WORK REQUEST: The records that follow are to be copied word for word. Pictures should be omitted.

Extracted records:
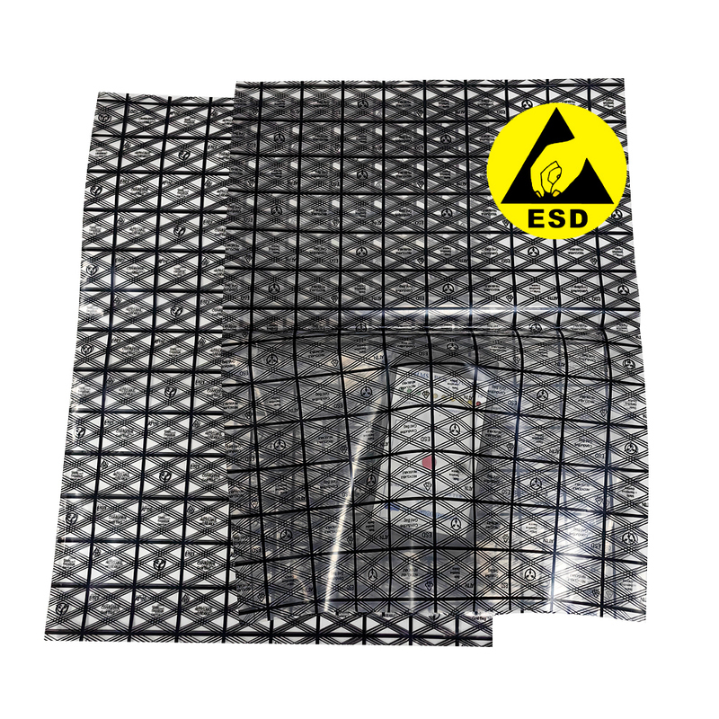 Anti static grid printed PE shielding bag is a high-performance and multifunctional packaging material specifically designed for storing and transporting precision electronic components, integrated circuit boards (PCBs), solid-state drives (SSDs), and other products that are highly sensitive to static electricity and electromagnetic interference. It combines anti-static (ESD), electromagnetic shielding (EMI/RFI), and customizable printing, making it a key packaging solution for industries such as electronics manufacturing, aerospace, and defense equipment.
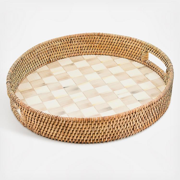 Serve in style with our Mocha Check Enamel & Rattan Round Serving Tray, a perfect blend of elegance and practicality. The coffee-hued check pattern is beautifully paired with the rich texture of rattan, creating a striking contrast that’s both chic and functional. Ideal for entertaining in style or elevating any tablescape, this tray brings color and charm to the home.
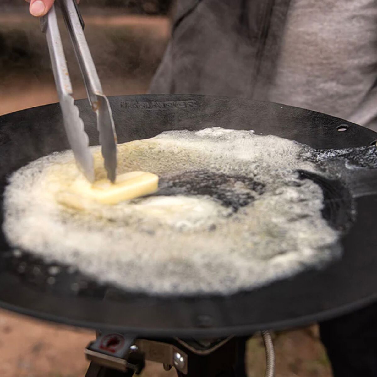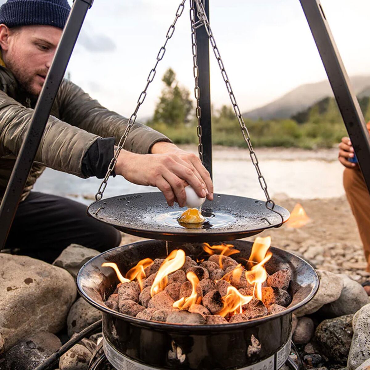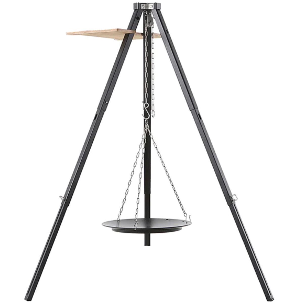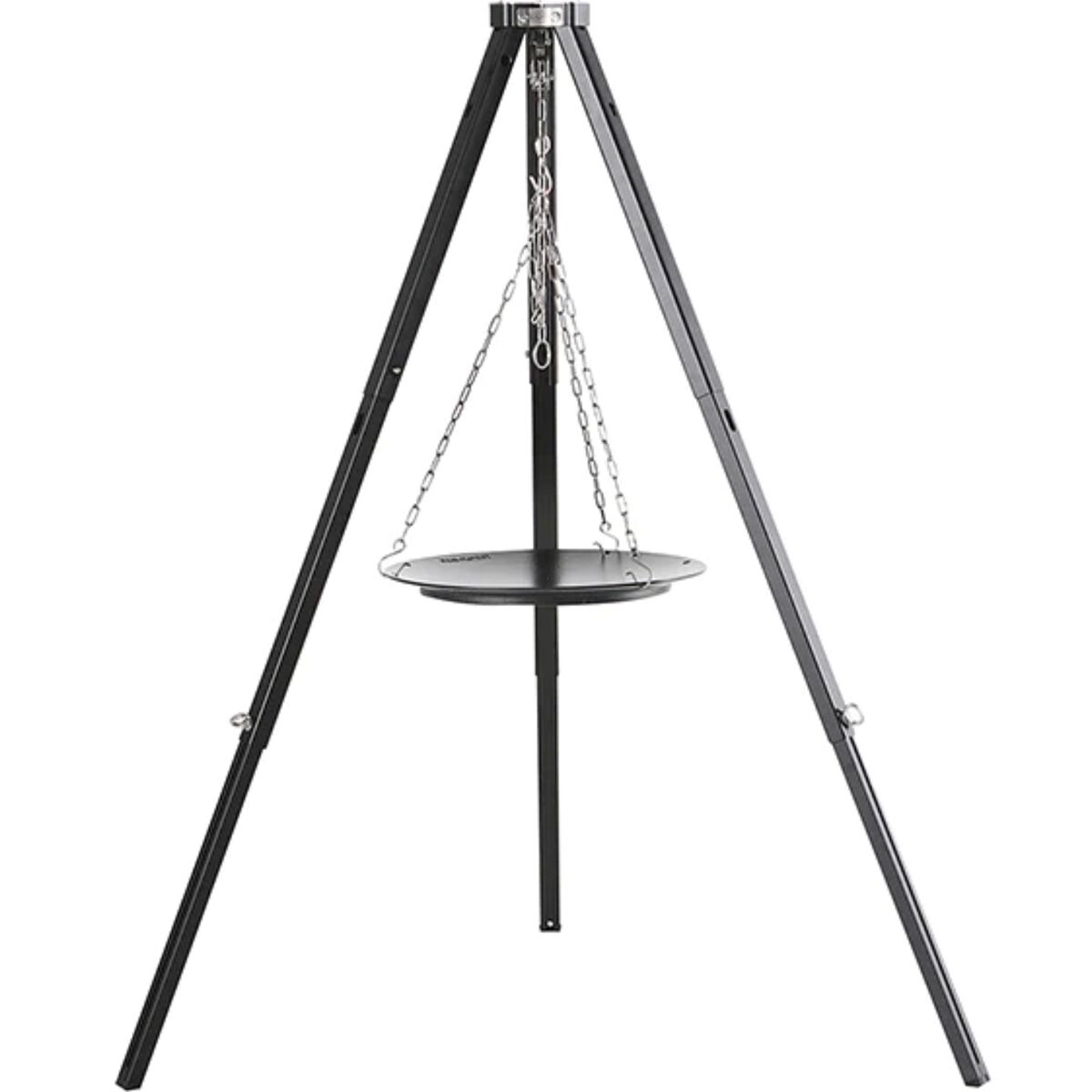 - Skillet can be hung from the tripod for cooking directly over a fire
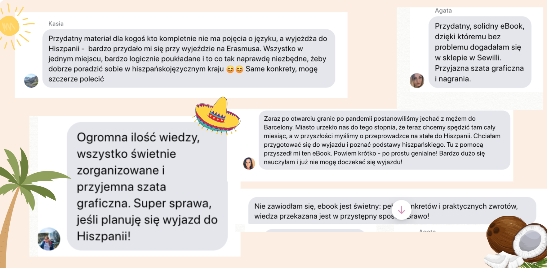 Moja gwarancja jest prosta. Po przeczytaniu ebooka nadal nie umiesz choćby zamówić kawy w Hiszpanii? Napisz do mnie, a zwrócę Ci pieniądze. Mówię poważnie.
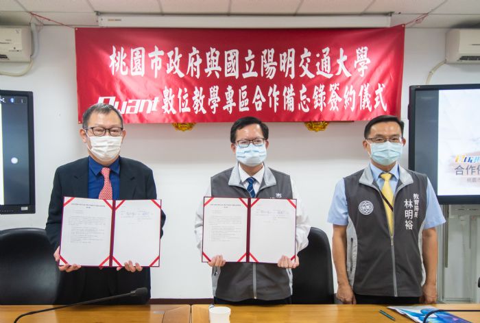 桃園市長鄭文燦16日上午前往南崁高中,出席桃園市政府與國立陽明交通大學推動高中職數位教學專區合作備忘錄簽約儀式。鄭市長表示,為整合數位教育資源,市府與國立陽明交通大學簽立3年共6期的合作計畫,建置「ewant桃園市高中數位教學專區」,引進各大專院校豐富、多元的數位課程,可提供市內6萬名高中學生免費使用,不僅讓學生可多元選擇課程,打破地域限制隨時隨地學習,更可達成學生探索學習與自主學習的效果,可說是邁向終身學習的重要平台。
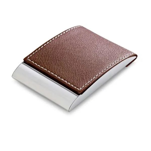 Porta Cartões em Metal e Couro Sintético. Incluso caixa. 97 x 63 x 14 mm | Caixa: 105 x 70 x 15 mm
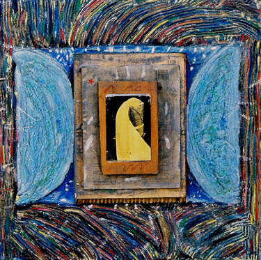 ©Emre. Acrylic on particleboard+wood, paper and multimedia20x20 (50.8x50.8 cm)
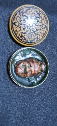 ตลับสีผึ้งเก่าทองเหลืองลงยาไม่ทราบที่ครับ เคาะเดียวแดง |
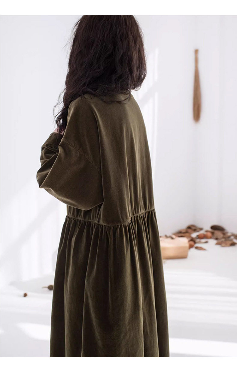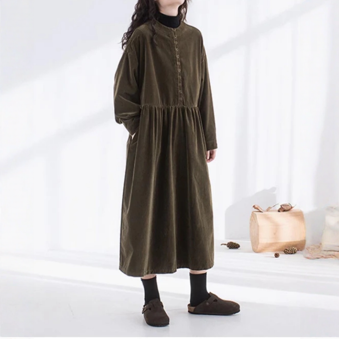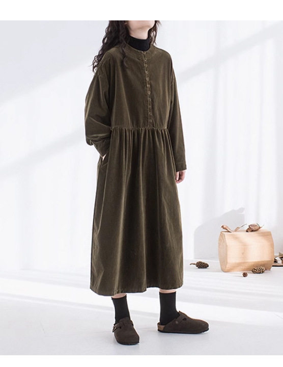 【ワンピース】コーデュロイ クルーネック ゆったり 長袖 ワンピース 【JZシリーズ】
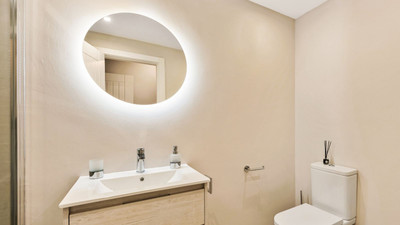 The two-bedroom, two-bathroom apartment has been fully renovated and is equipped with top-of-the-line appliances. It features a luxurious contemporary design with authentic Andalusian details, a spacious private terrace, and a large living room designed by an award-winning interior design firm.
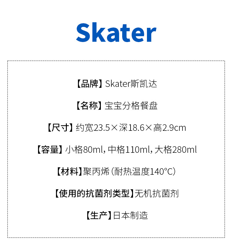 일본 수입 스케이터 3칸 어린이 과일 아침식사 접시, 분리형 서양식 접시, 사각 접시스토어 가기
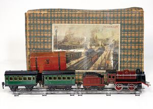 Spur 0, Zugpackung, bestehend aus R890, rot, schwarz, mit goldenen Zierlinien, Uhrwerk intakt, 2 Personenwagen, 1719, 2 Teile Gleismaterial, Kart. verschlissen, insgesamt bespielt

TASK ANSWER:
 Anti static grid printed PE shielding bag is a high-performance and multifunctional packaging material specifically designed for storing and transporting precision electronic components, integrated circuit boards (PCBs), solid-state drives (SSDs), and other products that are highly sensitive to static electricity and electromagnetic interference. It combines anti-static (ESD), electromagnetic shielding (EMI/RFI), and customizable printing, making it a key packaging solution for industries such as electronics manufacturing, aerospace, and defense equipment.
 Serve in style with our Mocha Check Enamel & Rattan Round Serving Tray, a perfect blend of elegance and practicality. The coffee-hued check pattern is beautifully paired with the rich texture of rattan, creating a striking contrast that’s both chic and functional. Ideal for entertaining in style or elevating any tablescape, this tray brings color and charm to the home.
 - Skillet can be hung from the tripod for cooking directly over a fire
 Moja gwarancja jest prosta. Po przeczytaniu ebooka nadal nie umiesz choćby zamówić kawy w Hiszpanii? Napisz do mnie, a zwrócę Ci pieniądze. Mówię poważnie.
 桃園市長鄭文燦16日上午前往南崁高中,出席桃園市政府與國立陽明交通大學推動高中職數位教學專區合作備忘錄簽約儀式。鄭市長表示,為整合數位教育資源,市府與國立陽明交通大學簽立3年共6期的合作計畫,建置「ewant桃園市高中數位教學專區」,引進各大專院校豐富、多元的數位課程,可提供市內6萬名高中學生免費使用,不僅讓學生可多元選擇課程,打破地域限制隨時隨地學習,更可達成學生探索學習與自主學習的效果,可說是邁向終身學習的重要平台。
 Porta Cartões em Metal e Couro Sintético. Incluso caixa. 97 x 63 x 14 mm | Caixa: 105 x 70 x 15 mm
 ©Emre. Acrylic on particleboard+wood, paper and multimedia20x20 (50.8x50.8 cm)
 ตลับสีผึ้งเก่าทองเหลืองลงยาไม่ทราบที่ครับ เคาะเดียวแดง |
 【ワンピース】コーデュロイ クルーネック ゆったり 長袖 ワンピース 【JZシリーズ】
 The two-bedroom, two-bathroom apartment has been fully renovated and is equipped with top-of-the-line appliances. It features a luxurious contemporary design with authentic Andalusian details, a spacious private terrace, and a large living room designed by an award-winning interior design firm.
 일본 수입 스케이터 3칸 어린이 과일 아침식사 접시, 분리형 서양식 접시, 사각 접시스토어 가기
 Spur 0, Zugpackung, bestehend aus R890, rot, schwarz, mit goldenen Zierlinien, Uhrwerk intakt, 2 Personenwagen, 1719, 2 Teile Gleismaterial, Kart. verschlissen, insgesamt bespielt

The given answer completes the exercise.